__Problem to solve__.
The entries are to be reproduced word for word, with all images left out.

※ ※ ※

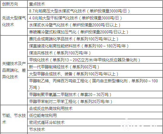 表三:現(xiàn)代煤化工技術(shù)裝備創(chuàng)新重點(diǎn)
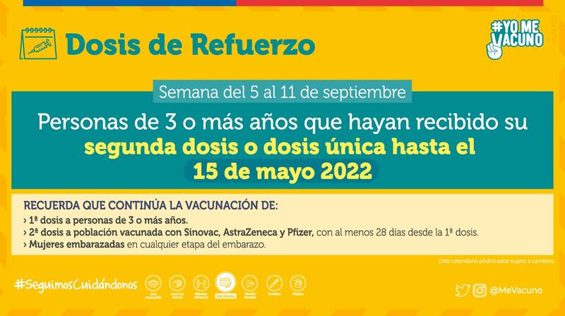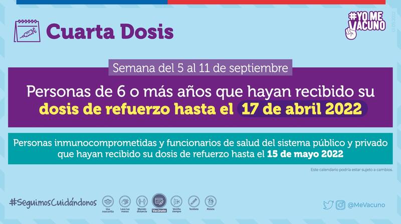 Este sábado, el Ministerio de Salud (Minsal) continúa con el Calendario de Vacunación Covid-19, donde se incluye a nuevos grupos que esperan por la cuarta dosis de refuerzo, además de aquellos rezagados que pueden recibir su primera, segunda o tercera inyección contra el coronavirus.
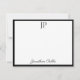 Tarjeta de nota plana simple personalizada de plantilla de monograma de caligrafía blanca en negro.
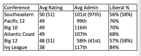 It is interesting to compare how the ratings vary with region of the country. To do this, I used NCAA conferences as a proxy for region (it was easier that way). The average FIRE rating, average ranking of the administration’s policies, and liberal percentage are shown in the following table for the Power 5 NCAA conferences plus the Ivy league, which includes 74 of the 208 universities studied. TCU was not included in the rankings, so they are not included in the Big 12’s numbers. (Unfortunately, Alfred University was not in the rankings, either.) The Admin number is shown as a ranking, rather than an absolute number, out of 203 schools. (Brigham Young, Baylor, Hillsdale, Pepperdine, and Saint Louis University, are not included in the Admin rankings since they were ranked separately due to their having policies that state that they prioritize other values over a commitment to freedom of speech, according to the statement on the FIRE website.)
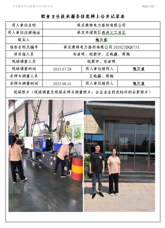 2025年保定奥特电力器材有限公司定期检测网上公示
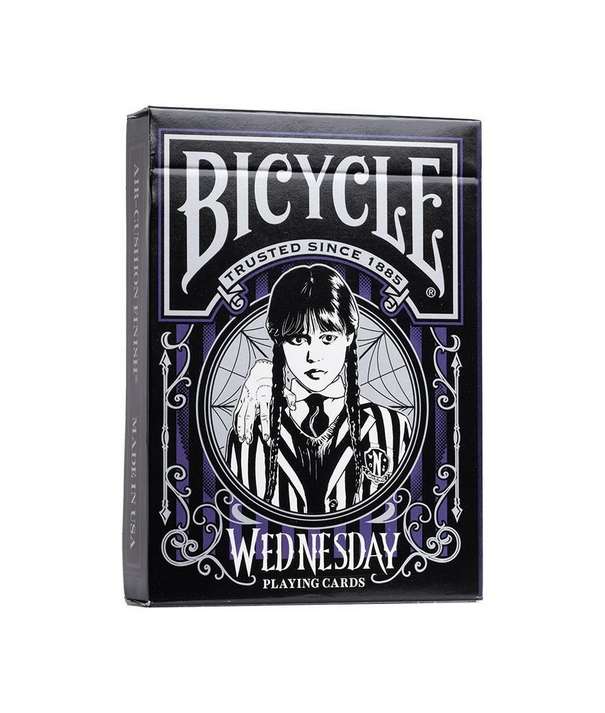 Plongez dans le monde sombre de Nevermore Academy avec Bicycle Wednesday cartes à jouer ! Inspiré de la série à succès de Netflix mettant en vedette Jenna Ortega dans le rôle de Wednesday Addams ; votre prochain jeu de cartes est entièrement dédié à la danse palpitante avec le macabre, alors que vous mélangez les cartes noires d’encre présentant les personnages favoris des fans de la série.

※ ※ ※

__Final answer__.
 表三:現(xiàn)代煤化工技術(shù)裝備創(chuàng)新重點(diǎn)
 Este sábado, el Ministerio de Salud (Minsal) continúa con el Calendario de Vacunación Covid-19, donde se incluye a nuevos grupos que esperan por la cuarta dosis de refuerzo, además de aquellos rezagados que pueden recibir su primera, segunda o tercera inyección contra el coronavirus.
 Tarjeta de nota plana simple personalizada de plantilla de monograma de caligrafía blanca en negro.
 It is interesting to compare how the ratings vary with region of the country. To do this, I used NCAA conferences as a proxy for region (it was easier that way). The average FIRE rating, average ranking of the administration’s policies, and liberal percentage are shown in the following table for the Power 5 NCAA conferences plus the Ivy league, which includes 74 of the 208 universities studied. TCU was not included in the rankings, so they are not included in the Big 12’s numbers. (Unfortunately, Alfred University was not in the rankings, either.) The Admin number is shown as a ranking, rather than an absolute number, out of 203 schools. (Brigham Young, Baylor, Hillsdale, Pepperdine, and Saint Louis University, are not included in the Admin rankings since they were ranked separately due to their having policies that state that they prioritize other values over a commitment to freedom of speech, according to the statement on the FIRE website.)
 2025年保定奥特电力器材有限公司定期检测网上公示
 Plongez dans le monde sombre de Nevermore Academy avec Bicycle Wednesday cartes à jouer ! Inspiré de la série à succès de Netflix mettant en vedette Jenna Ortega dans le rôle de Wednesday Addams ; votre prochain jeu de cartes est entièrement dédié à la danse palpitante avec le macabre, alors que vous mélangez les cartes noires d’encre présentant les personnages favoris des fans de la série.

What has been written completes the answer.